# Gary Fisher Procaliber



## xrockketx (Apr 19, 2010)

I just acquired this GF Procaliber. I was wondering what it might be worth after restoring it?? Or do I just singlespeed it?? Im assuming its a 1988 model from this ad unless Im missing something. Any advise?
https://www.retrobike.co.uk/gallery2/main.php?g2_itemId=47076&g2_imageViewsIndex=1
as it looks right now







</a>







</a>







</a>







</a>


----------



## bushpig (Nov 26, 2005)

$250 restored? I like those ibkes.


----------



## yo-Nate-y (Mar 5, 2009)

Definitely a cool bike. If you do a good job restoring it could be worth more than $250 to the right buyer. Either way it should be a great rider----restore it and keep it!


----------



## da'HOOV (Jan 3, 2009)

I think BP's estimate is pretty close.
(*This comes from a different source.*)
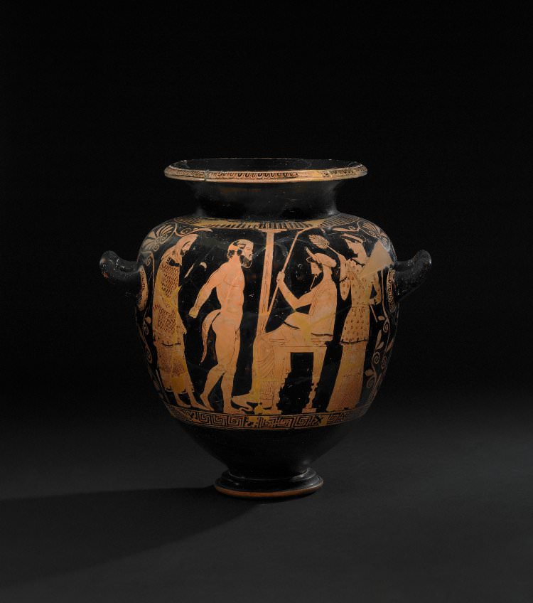 An Attic red-figure stamnos depicting the satyr Silenus being led before the seated King Midas. c. 440 BCE attributed to the Midas painter. (British Museum, London).

I haven't seen alot of interest in those.


----------



## Plum (Sep 14, 2004)

Likely worth more parted out as well. 

Plum


----------



## xrockketx (Apr 19, 2010)

If it were different circumstances, I would definitely keep it. I was just going to take it apart and clean it up some on the cheap to sell it. So even if I got 200, that would be sweet.


----------



## Jak0zilla (May 16, 2010)

My wife has that bike in "Size Teensy." I think it's a 15"? If it had a longer top tube I'd ride it. 
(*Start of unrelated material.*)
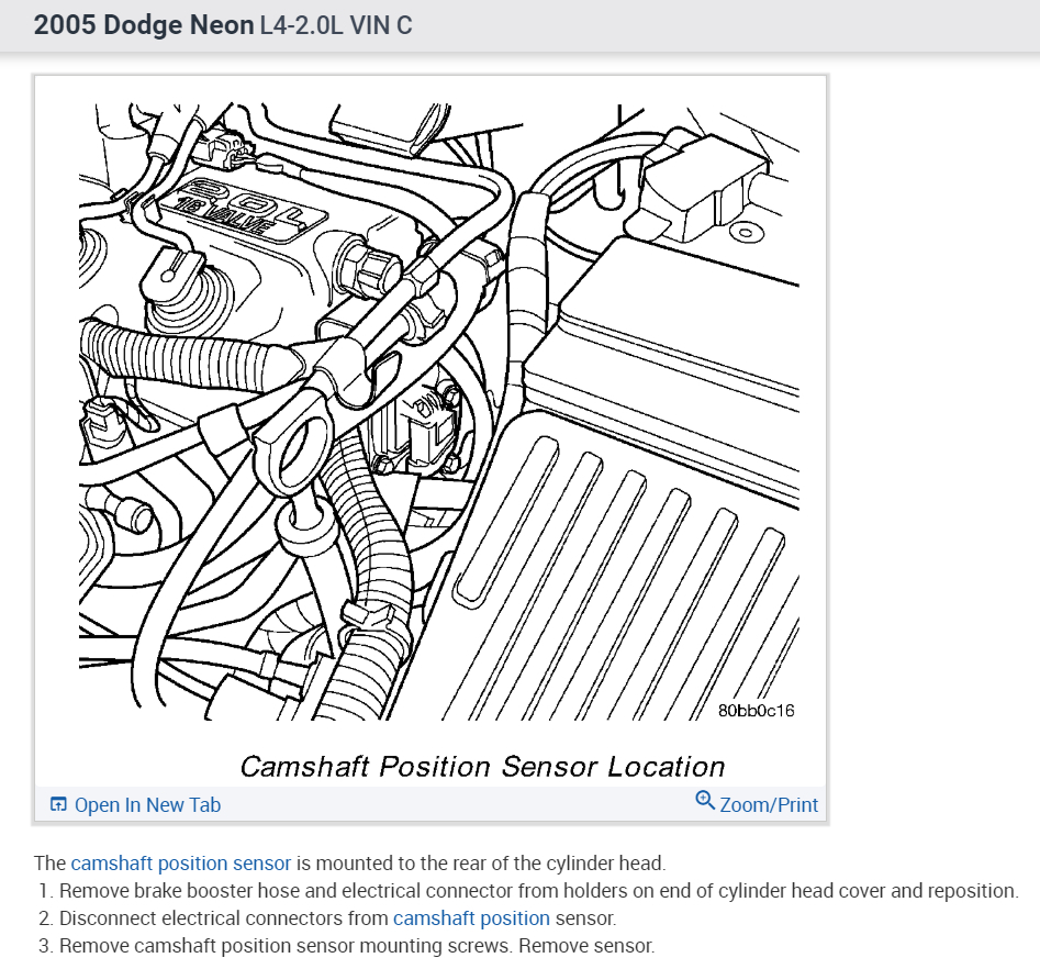 2.Turn ignition off. Disconnect connector at camshaft position sensor. Camshaft position sensor is located on rear of cylinder head, just below valve cover. connector for corroded, pushed out, miswired or damaged terminals. If terminals are not corroded, pushed out, miswired or damaged, go to next step. If terminals are corroded, pushed out, miswired or damaged, repair as necessary. Perform TEST VER-5A .

Those are nice bikes! I'd give you the above quoted price if it was my size! (Looks big to my eye.) The welds are a bit uneven, but it's got a nice "ping" then you give the top tube a flick with a fingernail. Always liked that paint scheme as well.


----------



## mechagouki (Nov 30, 2007)

I like these late '80s mass produced Fisher's. Not worth much though. restored or otherwise. Assuming everything is original (aside from that ridiculous contraption attached to the bars, obviously) parting out will net you more than $200, but if you don't need the money and it fits you you should keep it and ride it.


----------



## xrockketx (Apr 19, 2010)

mechagouki said:


> I like these late '80s mass produced Fisher's. Not worth much though. restored or otherwise. Assuming everything is original (aside from that ridiculous contraption attached to the bars, obviously) parting out will net you more than $200, but if you don't need the money and it fits you you should keep it and ride it.


Haha...no doubt those bars are crazy..I just took the pic as is. But as far as keeping it, its a no go. Without going into to much detail, a guy living with my wifes grandparents house killed himself with no next of kin. The bike was his and left at the house. So I was able to pick it up.
Anyway, I can't keep it. Was just wanting to get a couple bucks for it, otherwise it would have been a cool bike to ride.


----------



## xprop1 (Apr 5, 2010)

Here's pic my procaliber, I'm orig owner. These earlier procaliber models weren't mass produced.... this model is what MTB world champ sara ballantyne and mike kloser rode into race history. Maybe not quite Fat Chance type prices, but....... ( note my stem is not original hint, hint, hint.)

Picture coming soon


----------



## Jak0zilla (May 16, 2010)

xprop1 said:


> ( note my stem is not original hint, hint, hint.)


Your (original) Fisher Bulge Bar is crying because that Huffy stem is being so rough and squeezing it so tight. :bluefrown:

And somewhere out there is a color matched Nitto roller stem, that is alone and afraid and just wants to go _home_!


----------



## scooderdude (Sep 27, 2004)

I paid $400 for a 1988 ProCaliber from one of our forum members a couple years ago or so. It looks nearly NOS and is completely intact and original in every way. It doesn't look like it was ridden at all. A museum quality piece, for sure.


----------



## richieb (Oct 21, 2004)

Oh, and for the record, that's a FISHER Procaliber. Karmically, the transition from Fisher to "Gary Fisher" was a HUGE step down. That's a REAL Fisher.


----------



## xrockketx (Apr 19, 2010)

richieb said:


> Oh, and for the record, that's a FISHER Procaliber. Karmically, the transition from Fisher to "Gary Fisher" was a HUGE step down. That's a REAL Fisher.


Haha...shows you how much I know about "Fisher" bikes.


----------